Scratching my head. I've heard Reagan called many things, but "Stalinist?" A new one for me. Allowing the Bush tax cuts to expire is Stalinist? You're going to have to explain that one, you've lost me there.
Why does the US have to pay off this debt? Is it planning on leaving the planet, and has to settle up before it goes?
It's not going to be paid off. It's going to be defaulted, either by direct default or money printing. The US economy could never pay off even the $16 trillion of Treasury debt, let alone the $600 or more trillion of Ponzi paper, without a very busy printing press. The price of direct default is total collapse of the banking system, while the price of inflating is Weimar Republic replay. Neither is desirable, but I'd rather have Weimar than a banking collapse.
Just like neo-cons, for whom it's always 1938, and we're always at Munich, for gold bugs it's always Weimar in 1923. Uh, do you ever think that the reason you have to use the same example over and over again is that it's such a rare occurrence? (Oh, wait, Zimbabwe!)
Weimar was not unique, just the most famous case because it was so extreme. More recent replays include Vietnam right after the Vietnam War ended (1975), at least half of Latin America in the 1980s (inflation rates of 1000% per year were not uncommon), the former USSR circa 1991, Argentina around 2000, Zimbabwe (as you've mentioned), and pretty soon Greece. Printing your way out of debt is one of two options, the other being default which also happens often enough (much of Africa has defaulted on debt, and look at their "thriving" economies). Most countries recognize that they can't run up such enormous debts and avoid doing so, but we've had a real debt orgy over the past decade, and this is behind the current disaster in Greece and is causing the Euro crisis.
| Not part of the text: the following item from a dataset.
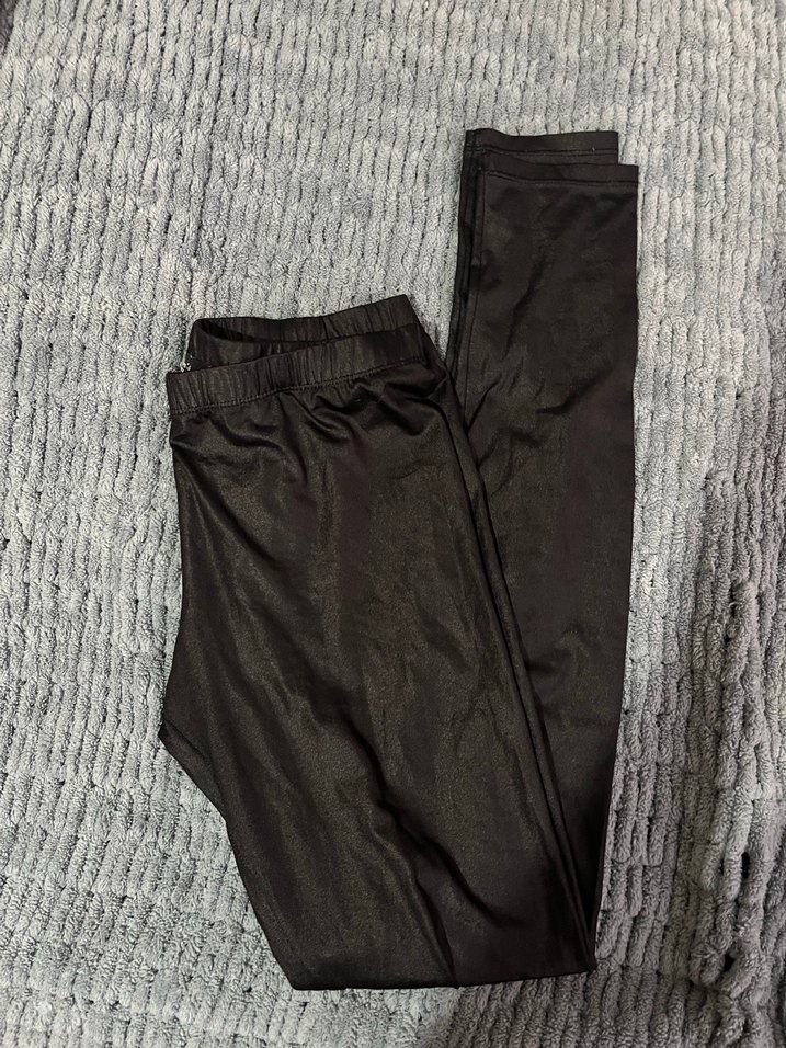 Düz siyah midi tayt, sentetik yumuşak kumaştan, günlük rahat kullanım için goth tarzı ve zahmetsiz şıklık sunar. Colins parlak tayt çok az kullanıldı

So why are they so anxious to get US debt that they are willing to pay the US gov't to take their money? Ten-year Treasury bonds are payng below-inflation interest rates- foreigners are saying "here, take my money for safe-keeping, and in 10 years you can pay me back less than what I gave you."
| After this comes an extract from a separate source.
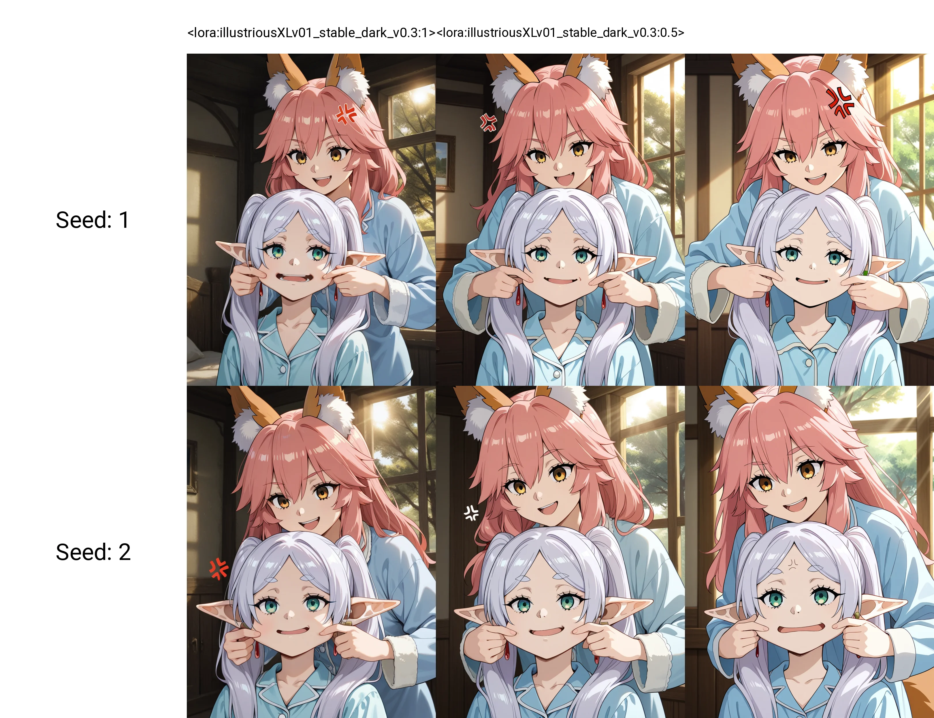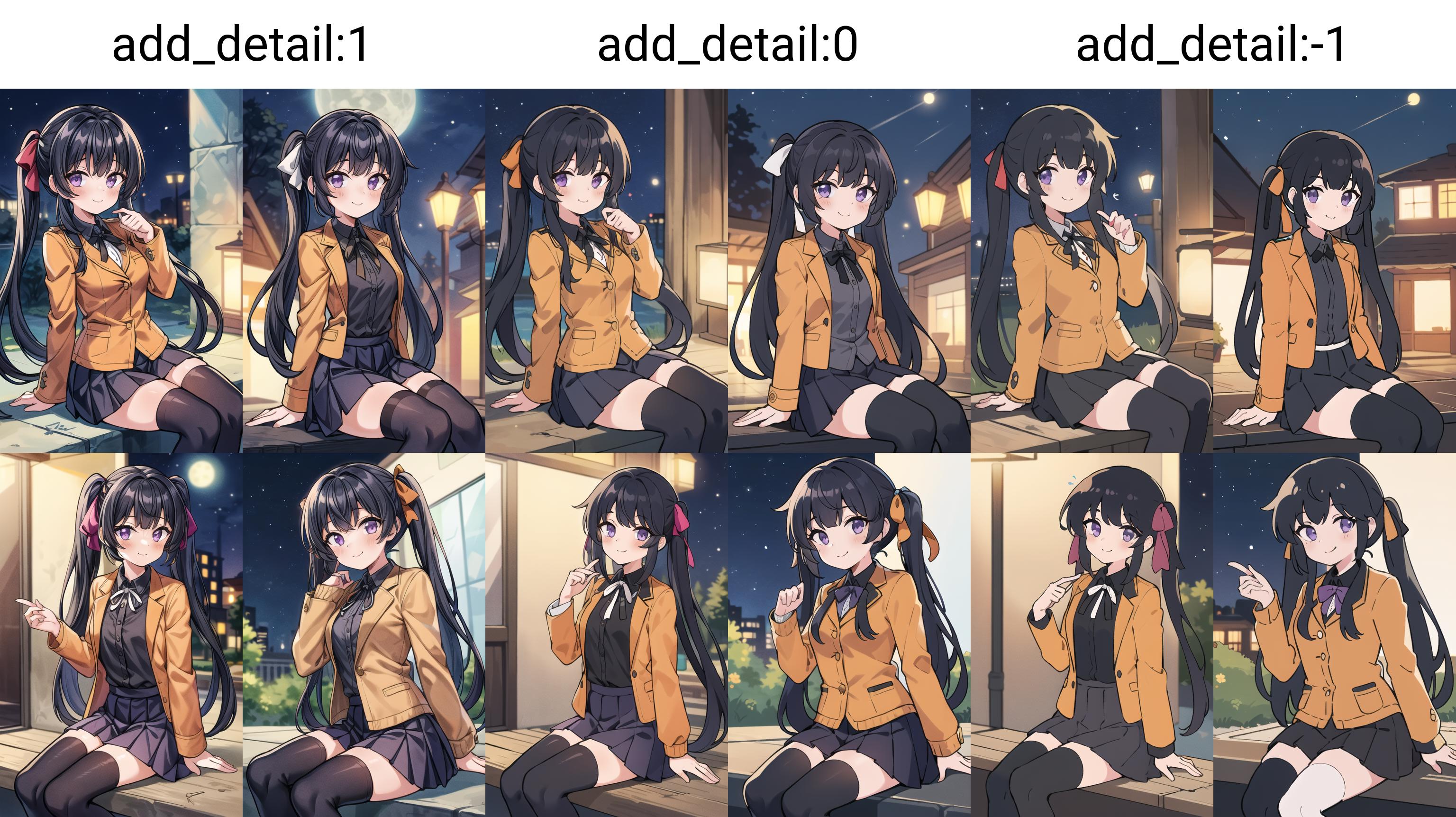 Same new texture and lighting dataset as mentioned in ani40z v0.4 below. Brings RTX level natural lighting and super detailed texture to 2D characters. Tags that related to some kind of light sources, such as "lamp", "daylight", "soft lighting", may bring better lighting effect.
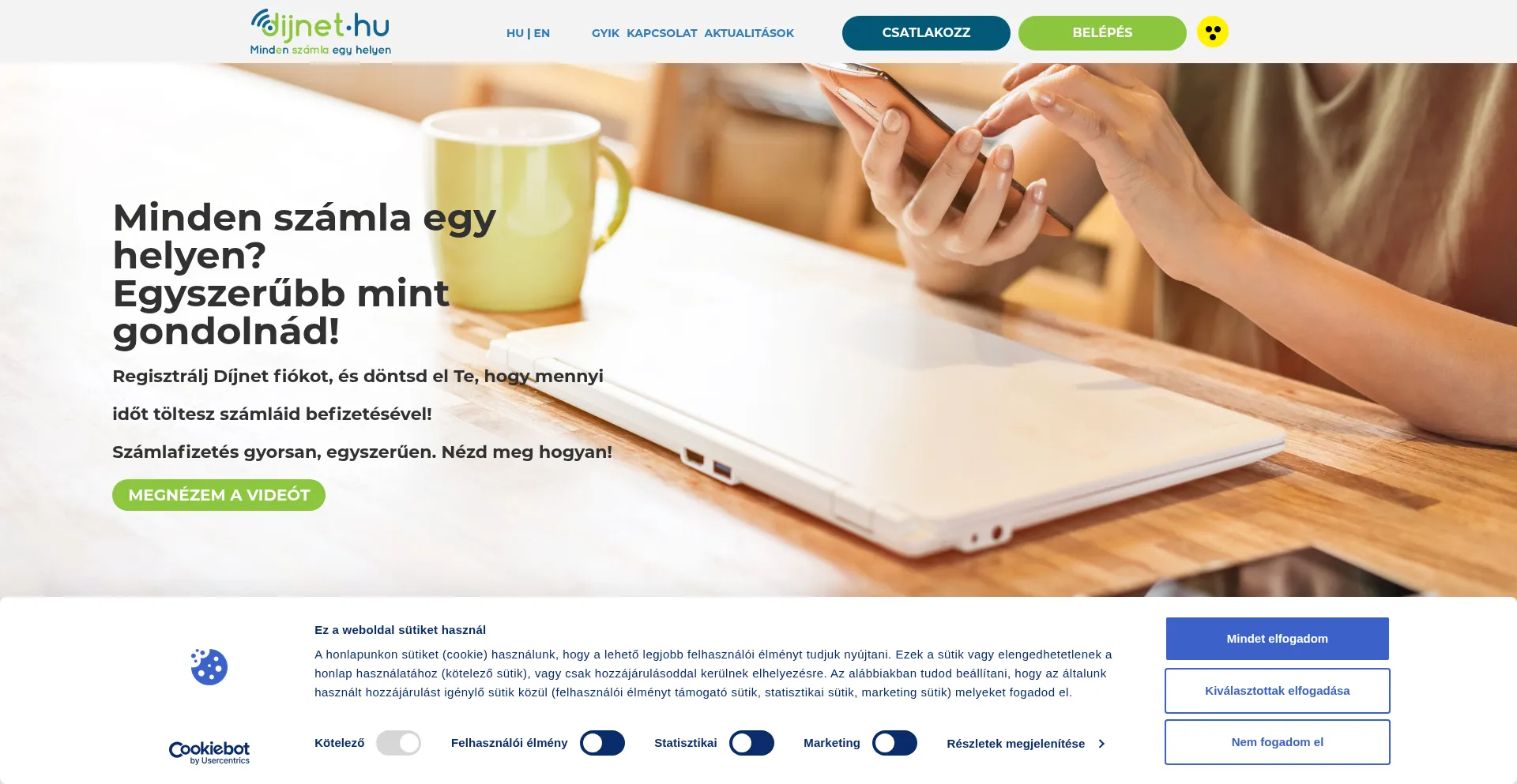 The website implements cookie consent mechanisms in compliance with privacy regulations such as GDPR or CCPA. This demonstrates that dijnet.hu adheres to data protection standards and provides users with control over personal data collection practices.

You're behind the times - that hasn't been true since 2008. Most US Treasuries are being bought by US banks, and they're doing so because they are actually being paid by the US government to do so. Very bizarre situation - the Federal Reserve lends money to US banks at 1/4 percent interest and the banks buy the Treasuries at 5-1/4 percent, a guaranteed 5 percent profit and they don't risk any of their money. And the Federal Reserve gets that money by "printing" it (on a computer, not physical). This is a Ponzi scheme, borrowing money that doesn't actually exist.
And remember that there will be zombies everywhere, too- I'd go for canned goods and ammo.
It may well come to that. The Great Depression was a dress rehearsal. But I have no guns and ammo, I'm in Taiwan and just hope that things will be better here. That's not guaranteed.
Lastly, I would like to say that I think you're making the mistake of believing that I'm a neocon, which I am definitely not. I think they are idiots. They are only concerned about the debt now because Obama is president. When Bush and Reagan were in office, they didn't care about the debt at all. If Romney gets elected in November, the debt will cease to be an issue with them once again. I believe it was Dick Cheney who said that Reagan "proved that deficits don't matter." The neocons never saw a tax cut (for the rich) that they didn't like, or a cut in "entitlements" (unemployment insurance, social security, Medicare) that they didn't like. Their basic philosophy is "give to the rich, steal from the poor." How that is supposed to create a healthy economy, I can't imagine.
I'll end by saying that if I was dictator in chief, I would not being promoting austerity. I'd go ahead and print the money, let inflation rip, and throw all the Wall Street crooks in jail for fraud. It wouldn't be pretty, but we are running out of options.